Monthly Design Retros
Outside of project retros with engineers and PMs, we had our own space as designers. A place to reflect on what wasn’t working, propose improvements, and bring ideas to the table. It gave us agency. We fixed things as a team, not just as individuals.

Design Quiz
Yes, a quiz. On theory, history, trends. Things designers should know beyond Figma. It wasn’t about scores or hierarchy. Just friendly competition, smart questions, and learning outside the typical project grind.

Design Onboarding
Every new designer got a proper introduction to how we worked. Our roles, tools, rituals, principles. Not just access to files, but actual orientation.
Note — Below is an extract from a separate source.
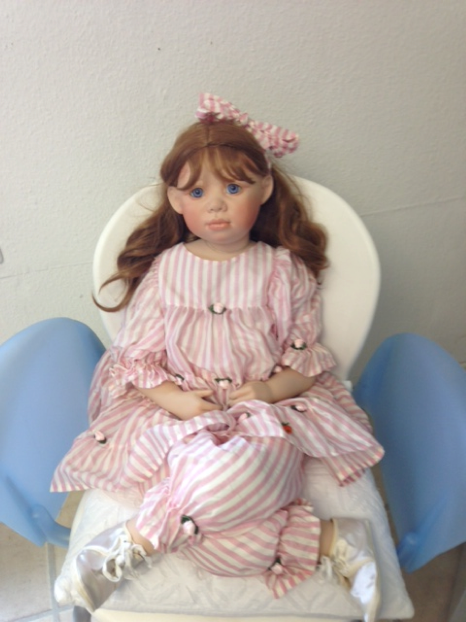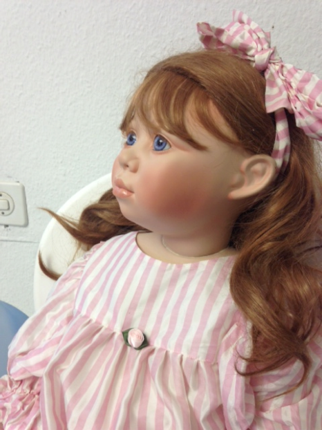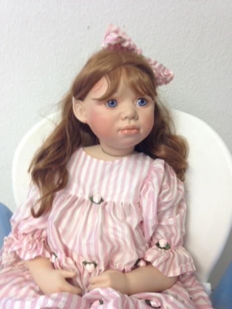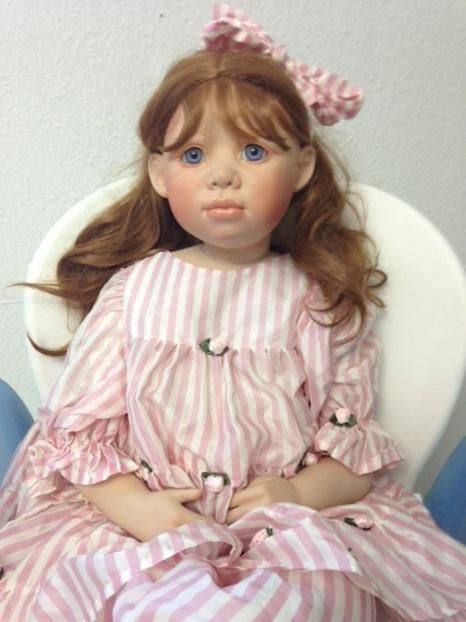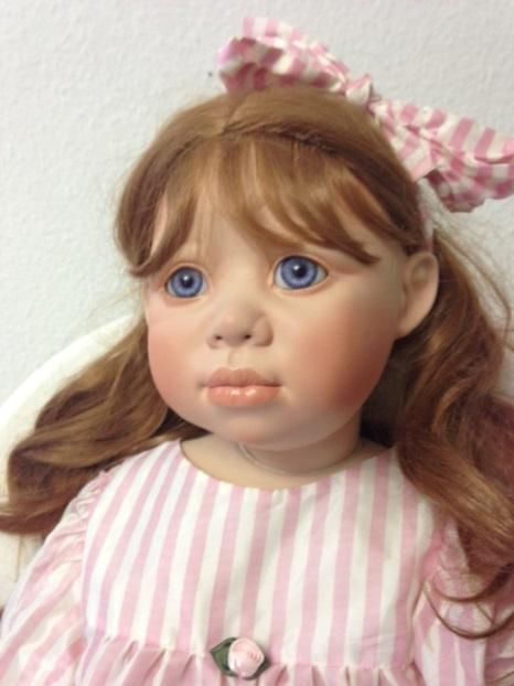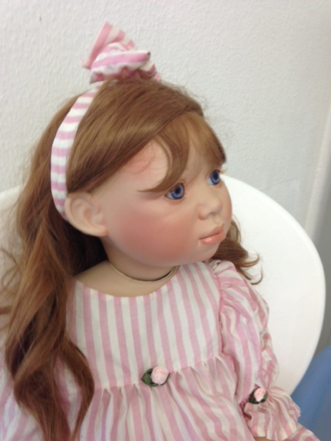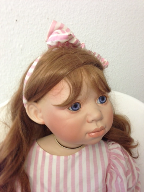 Tamsin, ist eine limitierte Puppe von Christine Orange. Sie wohnte lange Zeit zusammen mit ihren Schwestern Tamsin (Original und Tamsin Prototyp), bei mir im Puppen-Zimmer, sie ist mittlerweile in ein neues, schönes Zuhause umgezogen. Tamsin limitiert, ist die USA Version und sie ist stolz, dass sie die persönliche Unterschrift, zusätzlich in ihrem Zertifikat hat. In ihrem langen rosa-weiss gestreiften Seidenhemd und ihrer rosa-weiss gestreiften Seidenhose, ist sie ein ganz schickes Mädchen. Ihr Haarband ist passend zum restlichen Outfit. Sie trägt stolz ihre Kette mit glänzenden rosa Steinen.

It gave everyone confidence and context from day one.

Getting to Know You
One of our designers suggested adding a few random personal questions to our team calls. Where you grew up, what your guilty pleasure was, your weirdest food experience. It became a team favourite. We discovered things we never would’ve otherwise.

Playlists
We launched the MOHARA Mixtape. Weekly Spotify playlists submitted by the team. Different cultures, different sounds, one shared experience every Friday. It was a simple way to celebrate our global roots.

Food Challenges
It started with a debate over the best sandwich. It escalated into full-blown themed food competitions. We’d record ourselves cooking and eating, then vote on winners. Sandwiches, burgers, desserts. I proudly took the burger crown.

Remote Working Rhythms
Time zones were a reality. People worked from home, from airports, from beaches. We didn’t expect everyone to be online at the same time. We just agreed on a window of overlap. A shared four-hour block where everyone would be available for meetings, feedback, and connection. For some it was the start of the day, for others the end. It gave us enough structure to stay in sync without forcing anyone into rigid schedules.

These rituals weren’t complex. They weren’t expensive. But they worked.

They kept us connected not just as colleagues, but as people.

There were plenty of company-wide initiatives too, but these were the ones that made our designers feel like a team, even from opposite sides of the world.

What are the small things you’ve done to keep your team together?